Sunday, September 7, 2014

Your Privacy Isn't Just Yours

                Typically, I peruse the Tech feed on the Paper app produced by Facebook. I find it’s an easy way to stay updated on at least a few of the things going on in the science world, even though it’s not particularly “intellectual.” A few days ago, through the app, I came across an article on The Atlantic by Conor Friedersdorf entitled, “This Man Has Nothing to Hide – Not Even His Email Password”. I have recently been devouring every article I come across that has to do with internet privacy, so it immediately piqued my interest. Upon reading the article, which is about one Noah Dyer who gave Friedersdorf the passwords to all his accounts without stipulation, I found myself not questioning my stance on internet privacy, which is a conservative one, but even more deeply rooted in my belief that everyone has a right to his or her privacy online.

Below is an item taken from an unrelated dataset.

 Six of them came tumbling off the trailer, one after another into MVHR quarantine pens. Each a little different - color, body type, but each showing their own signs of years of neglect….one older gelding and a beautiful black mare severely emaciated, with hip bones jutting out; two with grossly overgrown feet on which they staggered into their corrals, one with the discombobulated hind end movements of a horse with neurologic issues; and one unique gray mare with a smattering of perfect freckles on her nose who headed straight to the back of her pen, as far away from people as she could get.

                Friedersdorf’s findings in Dyer’s email accounts are likely fairly common. He encounters emails disclosing sensitive information about Dyer’s financial situation as well as exchanges with romantic partners. These emails in particular contained explicit images of the women Dyer had had relations with, some of whom were married. Should the author have desired, he could have ruined families with a few simple clicks.

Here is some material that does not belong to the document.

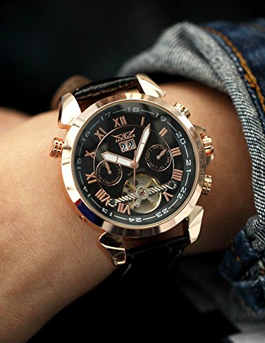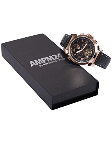 -. Title : AMPM24 ローズ ゴールド メンズ 自動巻き自動機械式 日付&曜日表示 ブラックレザーバンド 腕時計 PMW282

                Dyer’s willingness to reveal intimate details of his personal life, to me, is not just self-sabotage, but highly disrespectful of the people he regularly contacts through the methods the author had access to. As Friedersdorf points out, “How would those women [who had emailed Dyer explicit photos of themselves] feel if I contacted them, explained the access Dyer had given me, and asked how they felt about it?” This, to me, is the million dollar question. The women Dyer had received photos of obviously sent them to him expecting a certain degree of discretion. I am sure none of them would be comfortable with Friedersdorf having access to those photos and the correspondence they had with Dyer. I applaud Dyer for living out his “nothing to hide” philosophy, but I cannot help but be appalled at his insensitivity to the people he has come in contact with whose privacy he threw out the window along with his own. Though when we send information to others, there is no explicit demanding that what we say or show is kept private, there is usually a societal understanding that most private communication should be kept between the two people involved in the exchange. Dyer’s complete disregard for that societal convention is offensive to me, and likely to many others. I understand that in his “perfect world” without privacy, the revelation of such sensitive information would be routine and hardly an issue, but we are not living in Dyer’s world. His choice to reveal his private communications regardless of the wishes of those he has conversed with is callous and selfish.

                Maybe in Dyer’s world living without a shred of privacy would make life much less complicated. But in the real world we live in, willingly giving up the confidentiality of private communication is both irresponsible and insensitive and should be avoided at all costs. That is, unless you want your friends and family to hate you for exposing their secrets to the whole world.